Yes, Taco, it's old news so we should ignore it.
That's the point. Put down your lovely insults for a second and but your disgust for me and my staff aside and think about it from the standpoint of journalistic objectivity. Shouldn't we discuss these issues and not ignore them? It's being ignored because it doesn't behoove our financial interests to discuss it.
By all means, if you still miss the point, continue to rant away and insult us for not being as good as you could be in our position(s).
So the point is not the content of the editorial, but the fact that it was rejected by "someone"?
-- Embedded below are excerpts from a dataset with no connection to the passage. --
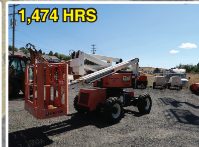
2011 SNORKEL UN041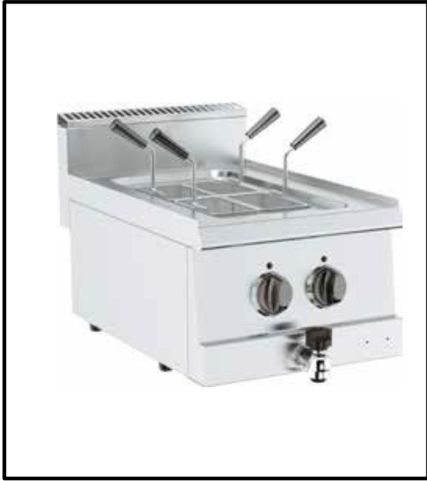
pasta cooker 6 kW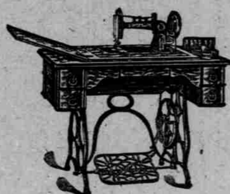
Supreme, Model M Price $16.00

Demonstration will be held on the Main Floor. Free instruction will be given at home to purchasers of any model of the Supreme Machines.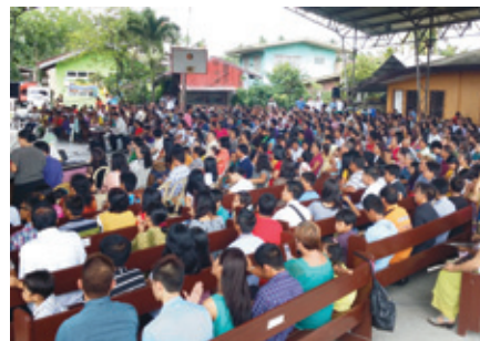
Participants of Mission to the Cities in the Philippines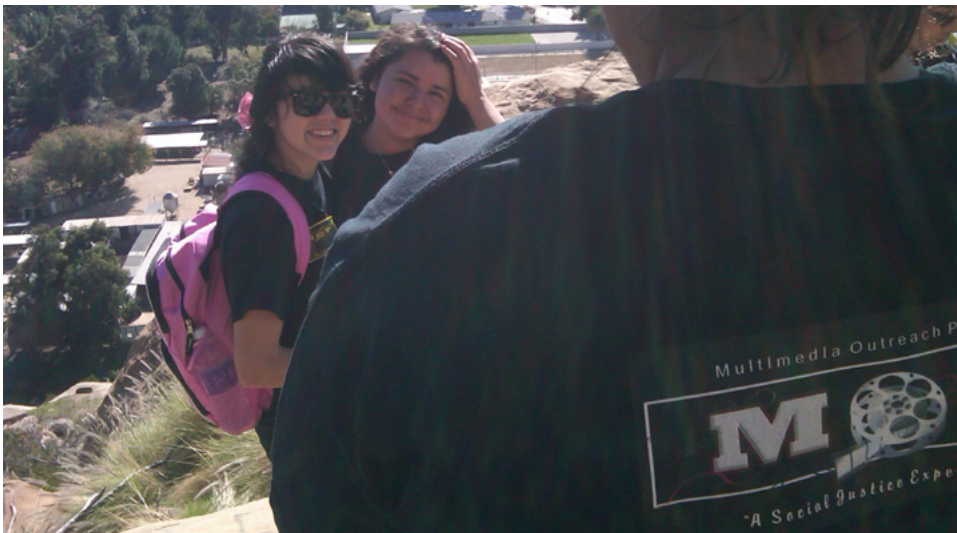
MOP leaders in T-shirts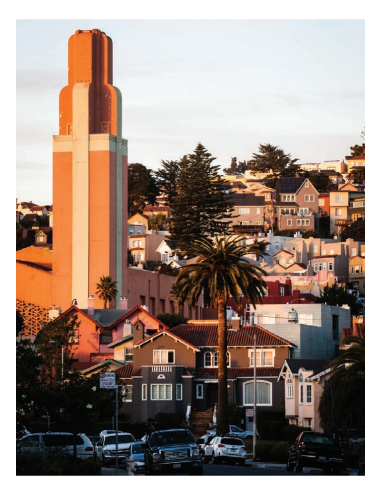
OAA is working to revitalize the former El Rey theater for the health of the corridor.

OAA continues to guide a multi-year effort to create a Historic Preservation Survey for Ocean Avenue. The survey identifies potential significant historic buildings on the corridor. Small buildings and storefronts allow for small business tenancy and contribute to the neighborhood's walkability and overall character. The survey can also be used in the future to designate a historic district on the corridor. After leading the charge to landmark the former El Rey theater, OAA engaged the owners about revitalizing the storefronts, facade, lobby, and auditorium. Rehabilitating this building would restore retail and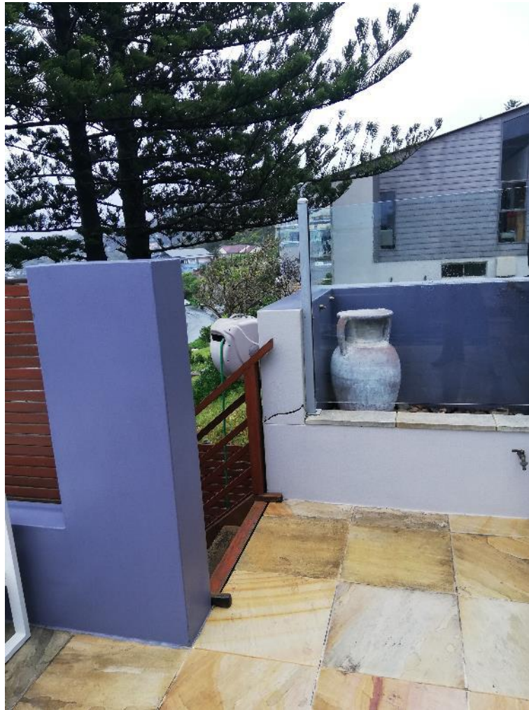
Image 6. View of Retaining Wall and Slab on Ground that Will Require Removal and Replacement

I'm sorry, I'm not convinced that this dull Ric Romero-esque piece was a challenge to your corporate overlords and that the Daily Iowan is being oppressed based on the facts you've presented. You're part of the mtvU network and as entrenched in electronic publishing as any respectable local publication ought to be at this particular moment in time.
I've written stories that didn't make print either. Blaming a corporate conspiracy is a bit much for one story, unless you're witholding essential details in your blog posting.
If you're suggesting that you shouldn't have any editorial oversight at all and that DI writers ought to be able to spout off whatever insulated ignorant rantings they want without any experienced oversight - something that wouldn't come as a surprise to me given a number of the DI staff's deep involvement in the blogging community - I'm not in favor of that at all. That's the professional hurdle you have to rise above to distinguish uninformed personal opinion from informed journalistic opinion.
Excellent. Ric Romero? Nice.
Honestly, Taco, why would I make this up? To bump up the Podiums readership another ten hits or so a day? Big deal.
If you don't believe me, honestly I don't care. Your comment actually makes me feel better, because even if you did know the whole story you'd likely come up with some lame reason to dismiss it. You don't deserve that knowledge.
Have you emailed Christopher Patton yet?
I never said you made anything up. I said I'm not convinced there's a story here. Unless you're not telling me something, this clearly got rejected because it's distantly behind the times. There's nothing controversial about it, much less interesting or thought-provoking. You have yet to explain to me what exactly your point is of sharing this besides to vent and blame your personal frustrations.
I also never respond to internet-tough-guy egotism. Chris won't discuss issues with me here on the blog when I'm rabid to. What exactly does he think I expect out of him in a physical confrontation? A sudden spark of understanding and brotherhood? I thought it was a bad joke the first time he suggested, I was apparently wrong.